The interesting thing about this sound is it obviously doesn’t contain a type of melody or instrument noises like other genres we tried, but it comes out sounding much like the training examples we used to train it. We were expecting the final generated product from WaveNet to just sound noisy but it has obviously picked up on the idiosyncrasies of a fan sound. This was perhaps one of our best results of accurately replicating similar noises to the original training data.

Happy Ambient Results

Happy ambient music is another popular form of ambient music to listen to. It typically consists of positive sounding instrumentals, soft melodies, and uplifting rhythms. We decided to experiment with Happy Ambient because not only are tracks of this subgenre sought out (the videos we trained on had an average of 1.3 million views), but also because we wanted to evaluate WaveNet’s ability to handle more complex forms of music than the piano music it was trained on in this publication .

To find Happy Ambient music, we navigated through YouTube search results of the query “happy ambient music”. The playlist of videos we used can be found here. After the clips were downloaded as .wav files and split into 30s samples, we manually vetted the tracks for repeated sections, keeping only unique samples.

Then we trained on some 1000 samples of 30 seconds using this line.

python train.py — data_dir=/home/ubuntu/data/happy_ambient/ — silence_threshold=0.1

At infrequent intervals of training steps, we saved the model at that point and then we used that model to generate 3 seconds of “Happy Ambient” music. From these generated tracks we then chose to the best ones to generate longer 10 second tracks. The full list of our results can be found here.

It took several thousand steps for the generated music to sound like something beyond random clicks and a loud noise resembling wind. It created some decent results in the beginning.
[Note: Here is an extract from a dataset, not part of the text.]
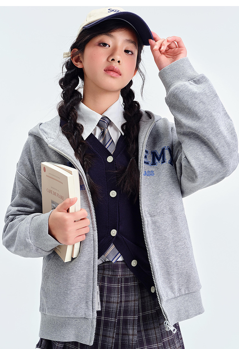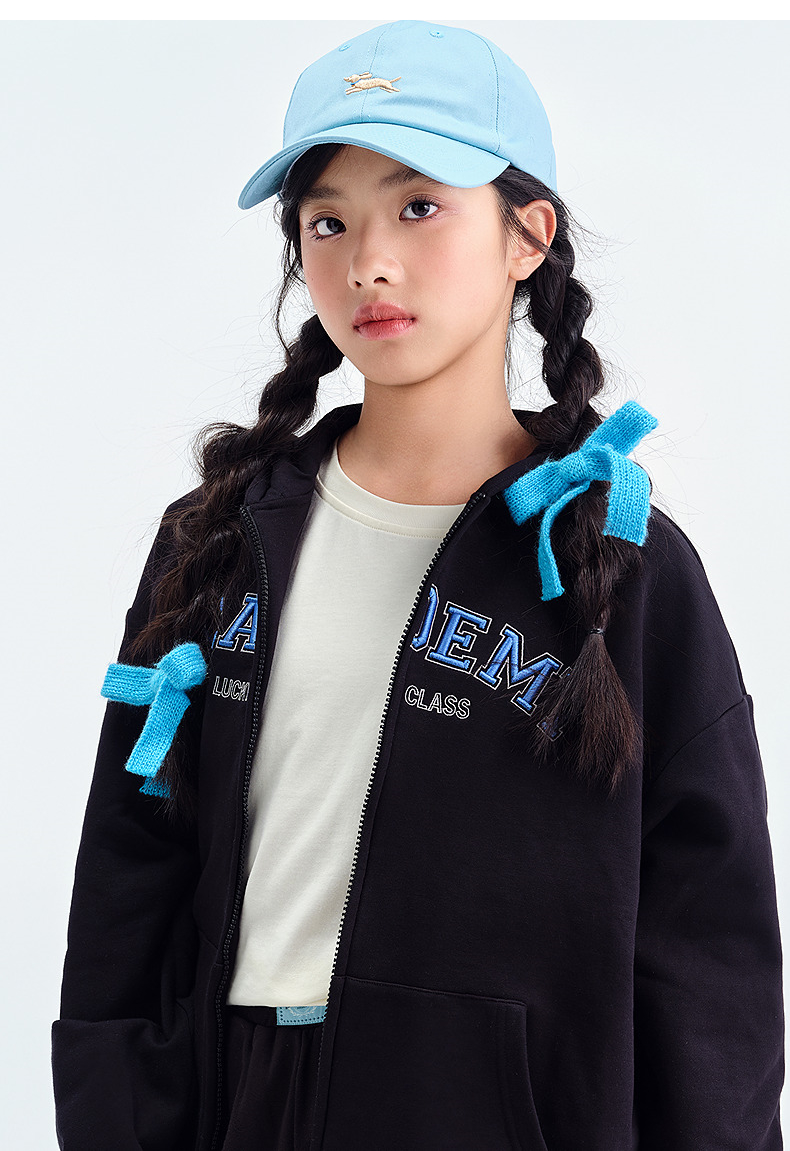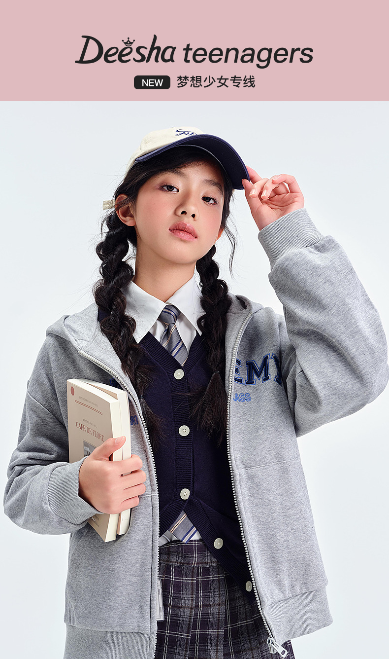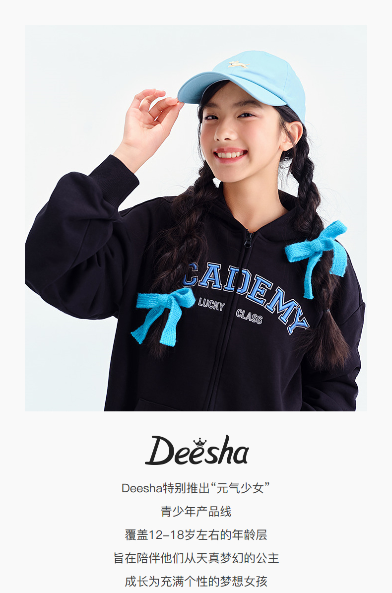 笛莎Deesha青少年女童外套2025春季女童字母刺绣连帽外套

Here you can distinguish a bit of piano riffing and the overall tone sounds positive. It got a bit better with more steps of training as you can hear through this track:

The notes are clearer and and less messy sounding. We hoped that with more training steps the results would be better but that was not the case

Nevertheless, we kept training and we ended training when we found this model generated at step 25650 which produced the best result of Happy Ambient music:

Happy Ambient was generally hard to generate with WaveNet. Due to its complexity of layered melodies, instruments, and beats, this training set was vastly different from the simple classical piano it was trained on in the aforementioned paper. However, we were able to generate tracks that captured happy and positive tones.

Forest Ambient Results

In the beginning we were training on nature noises and composed a collection of various nature sounds like birds chirping, flowing water, rain, and thunderstorms. However since an unproportionate portion of the training data was bird sounds, the resulting generated tracks created sounds that sounded like birds. When we made the training set evenly split between bird, water, and rain sounds, the model produced results that sounded more like water. We expected to have generations that would somehow encapsulate these various noises but realized that this was going to be quite difficult.
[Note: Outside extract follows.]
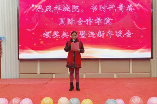为丰富同学们课余文化生活,搭建师生互动交流的平台。12月28日晚,基础课部(国际合作学院)在图文信息中心小报告厅举办的“思风华城院,书时代青春”颁奖典礼暨迎新年晚会。基础课部副主任赵芝英致新年贺词、党支部副书记时荣为获奖学生颁奖。 晚会以舞蹈作为开场,充分展现了学生的朝气蓬勃。话剧《Red and

So, we pursued a different direction. Instead of creating a training corpus of disjoint sounds, we found tracks that had all tones we were looking for intrinsically layered in its structure. This was found in forest noises that featured bird, water, and wind sounds in both the foreground and background. The songs we trained on can be found here.

We trained on some 934 samples of 30 seconds using this line.

python train.py — data_dir=/home/ubuntu/data/happy_ambient/ — silence_threshold=0.01

A full set of the results can be found here. In the beginning the generated tracks were not reminiscent of forest noises, but resembled a synthesis of crumpled paper and a flowing river:

As the model trained over more steps, we got tracks that contained random shrills, perhaps distorting bird noises it heard in training, and long periods of loud gushing water. Some element of a flowing water was quite prominent across samples at different training steps. In this one you can hear a foreground of flowing/trickling water and soft bird chirps in the background:

With more training steps, the sounds of water were distinguishably clear, as heard through this sample:

Overall, results were more successful (resembled the training data more so) than that of Happy Ambient, probably because this style of music had less variance in its training data. The sounds of of a rainforest are more standard than the various kinds of Happy Ambient music the previous model had to train on.

Christmas Music

Given that Christmas songs have recently infiltrated the radio, department stores, and other sacred sound spaces (this report was written in December), we thought it was fitting to experiment on training WaveNet on Christmas music. The paper had generated English and Mandarin speech and classical piano separately, and given the lyrical nature of Christmas music, we wanted to see how WaveNet would fare in this genre space when the training samples would contain both elements.

We found about 9 hours worth of Christmas music and trained WaveNet on the .wav files procured from these YouTube videos.

The results were quite interesting, and depending on who you talk to, resemble Christmas music. The full list of the results can be found here.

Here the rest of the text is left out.